Other times you know you’re fooling yourself and that your self-lies are in the service of emotional (but certainly not physical) comfort. Not eating that remaining slice of pizza would make you anxious or unhappy and you dislike those feelings, so your decision to eat is based on avoidance. But you don’t acknowledge this. Instead, you lie and tell yourself something more palatable: You’re not all that full or it’s wrong to waste food.
How many lies do you tell yourself about eating (or smoking or drinking or any unhealthy habits) every day? More importantly, how are you going to stop doing so in order to become healthy emotionally and physically?
You can start by vowing to be truthful to yourself. Make a list of the lies and irrational thoughts that fill your mind about food. Read through them and have a chuckle at what you’ve made up.
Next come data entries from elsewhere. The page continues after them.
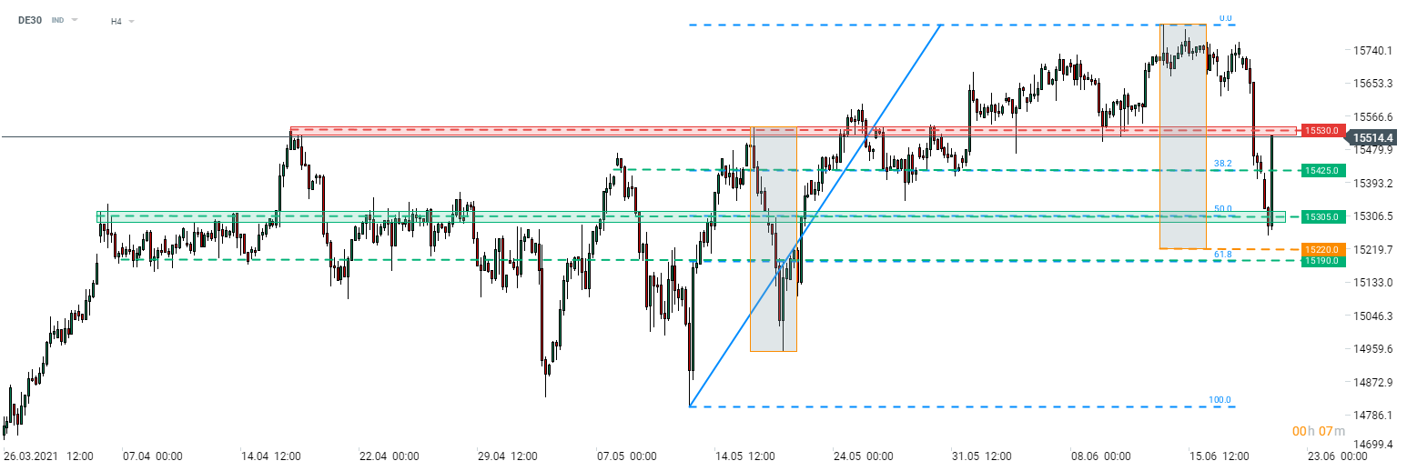 DE30 experimentó una liquidación masiva el viernes y el movimiento a la baja continuó durante el horario comercial asiático del lunes. Sin embargo, después de una apertura a la baja de la sesión de caja europea, el índice comenzó a recuperarse y ha rebotado alrededor de 200 puntos de los mínimos diarios. La liquidación se detuvo cerca de la zona de soporte marcada con un retroceso del 50% del movimiento alcista lanzado a mediados de mayo (área de 15.305 pts). El índice rompió por encima del retroceso del 38.2% en el área de 15,425 pts y se está acercando a la zona clave de resistencia a corto plazo en el área de 15,530 pts. Si bien el reciente movimiento a la baja parecía grande y empinado, los operadores deben tener en cuenta que ni siquiera fue la corrección más grande durante el impulso alcista de un mes en curso.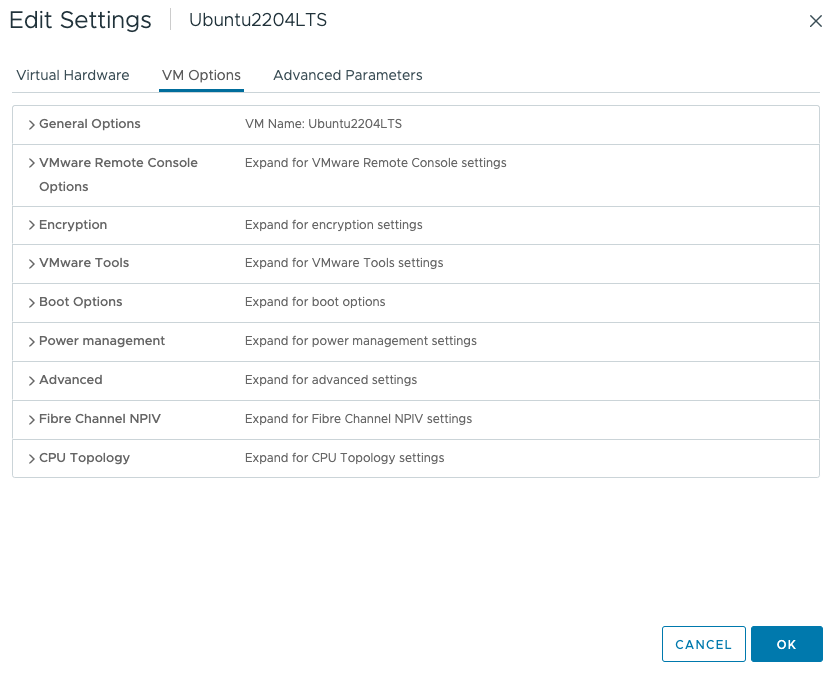There seems to be some misunderstanding about the new vSphere 8 CPU Topology Device Assignment feature, and I hope this article will help you understand (when to use) this feature. This feature defines the mapping of the virtual PCIe device to the vNUMA topology. The main purpose is to optimize guest OS and application optimization. This setting does not impact NUMA affinity and scheduling of vCPU and memory locality at the physical resource layer. This is based on the VM placement policy (best effort). Let’s explore the settings and their effect on the virtual machine. Let’s go over the basics first. The feature is located in the VM Options menu of the virtual machine.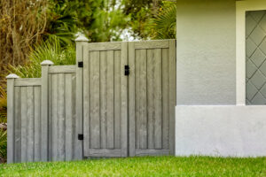 Craftsman – Tapered columns, exposed beams, and earthy tones. Best matches: SimTek or colored vinyl privacy fences in Dark Walnut, Driftwood, or Gray Wood.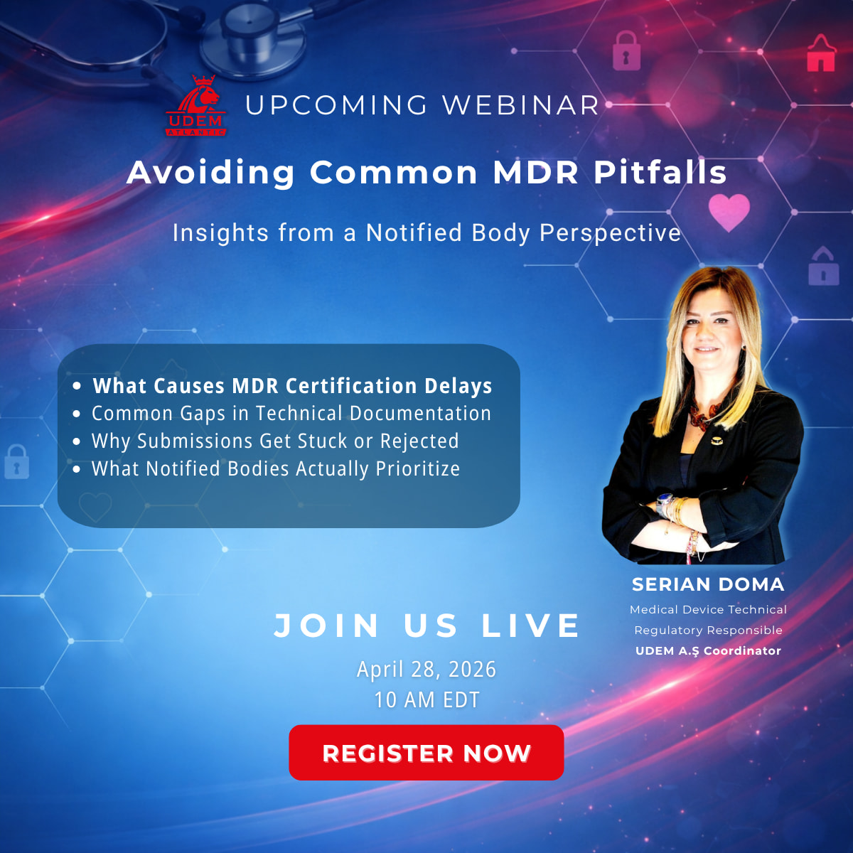 Hosted by UDEM Atlantic, the U.S. office of European Notified Body 2292, this session will provide a clear overview of how manufacturers can approach MDR certification with confidence and clarity.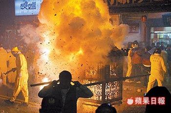 夜弄土地公。臺(tái)北市內(nèi)湖地區(qū)元宵節(jié)民俗活動(dòng)夜弄土地公昨晚登場(chǎng),有百年歷史的枧頭店福德祠土地公盛大出巡,商家和民眾將鞭炮圈在神轎上狂炸土地公,深信炸愈多、財(cái)運(yùn)愈旺。來(lái)源:臺(tái)灣《蘋(píng)果日?qǐng)?bào)》
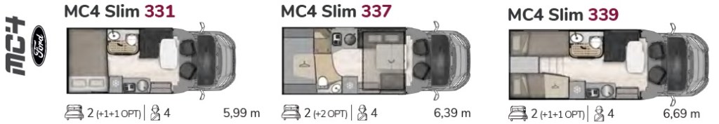 La gamma si articola sui modelli 331 da 599 cm, 337 da 639 cm e infine il 339 da 669 cm e tutti con passo da 3,30 metri. Ognuno con una pianta diversa per accogliere la clientela con preferenze diversificate per quanto concerne la zona notte. Infatti i cambiamenti si concentrano tutti in coda, mentre resta pressoché invariata la pianta nella zona centrale e anteriore. Tutti i modelli sono costruiti sulla base meccanica del Ford Transit con 130 Cv, anch’esso in versione 2025 che porta in dote un display multimediale di generose dimensioni e tutti i controlli ADAS di 2do livello.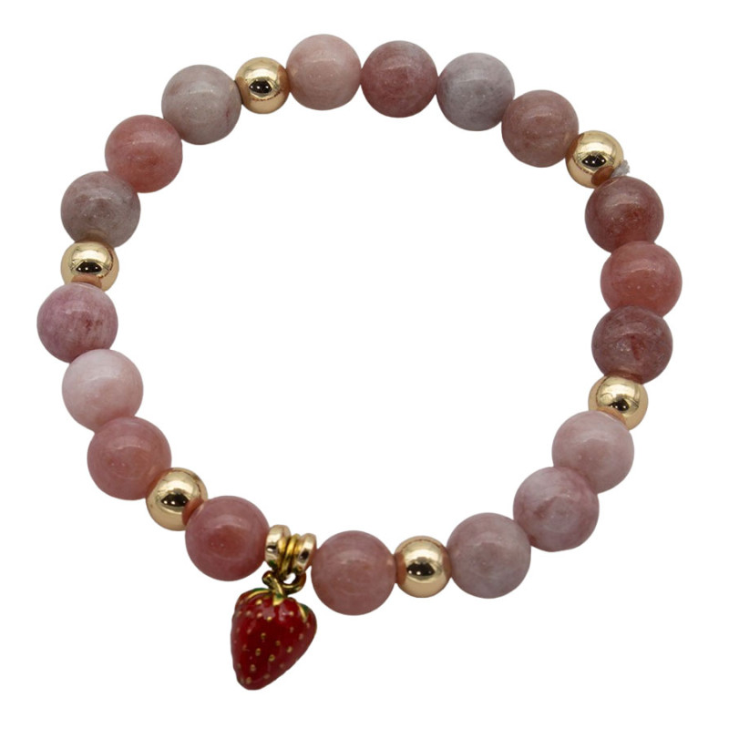 Bransoletka zachwyca delikatną, stonowaną kolorystyką w odcieniach pudrowego różu i jasnego beżu. Kuliste koraliki mają gładką powierzchnię oraz subtelne, naturalnie wyglądające przejścia tonalne, które nadają całości spokojny i harmonijny charakter. Złote przekładki rozmieszczone między elementami wprowadzają elegancki kontrast i podkreślają rytm kompozycji. Centralnym detalem jest zawieszka w kształcie truskawki, która dodaje całości lekkości i przyciąga uwagę niewielkim, dekoracyjnym akcentem.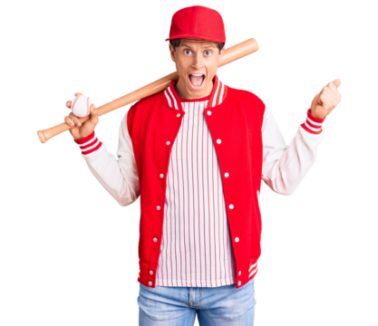 Young handsome man playing baseball holding bat and ball screaming proud, celebrating victory and success very excited with raised arms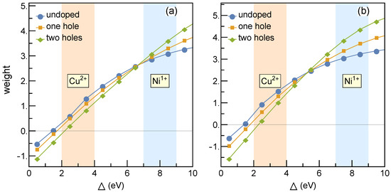 Doping tendency of NiO model as a function of crystal-field splitting : (a) ; (b) eV. (Blue) undoped, and ; (Orange) one hole doped, , ; (Green) two holes doped, , in NiO (CuO) cluster. The nickelate (cuprate) regime is highlighted in blue (orange). The model parameters are given in Table 1.
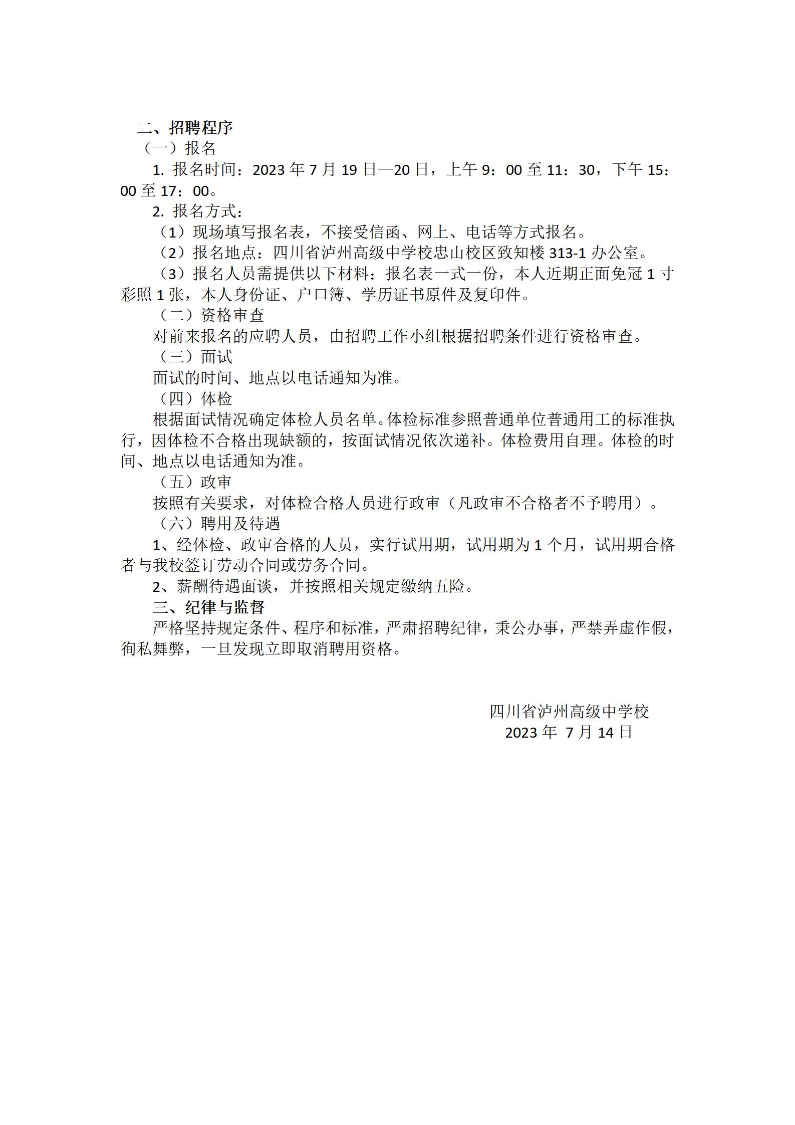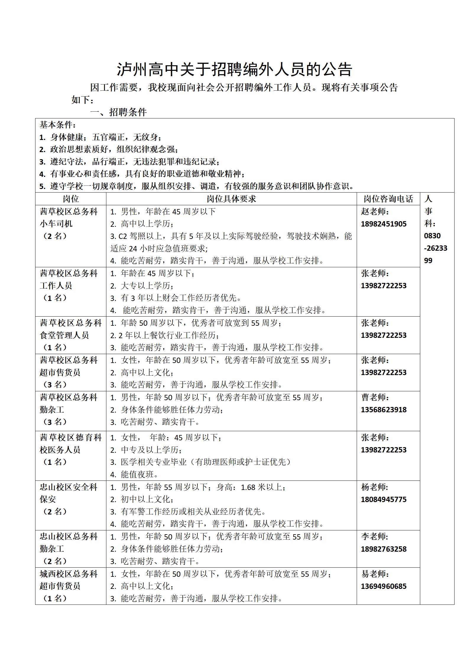 泸州高中关于招聘编外人员的公告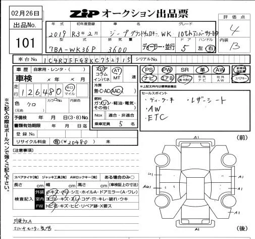 Chrysler JEEP GRAND CHEROKEE с аукциона Японии ZIP Osaka лот № 101

Take in how harmful those lies are and pledge to be more truthful.
Next, consider when you’re most likely to lie to yourself about food. Maybe you do okay with friends but lie to yourself when eating due to family pressure. Or vice versa. Maybe you fib more under stress or when you’re bored or lonely. Pinpoint when reality tends to slip away from you and fantasy takes over. Then decide what truths you’ll tell yourself in the future to honor and respect yourself and change your habits.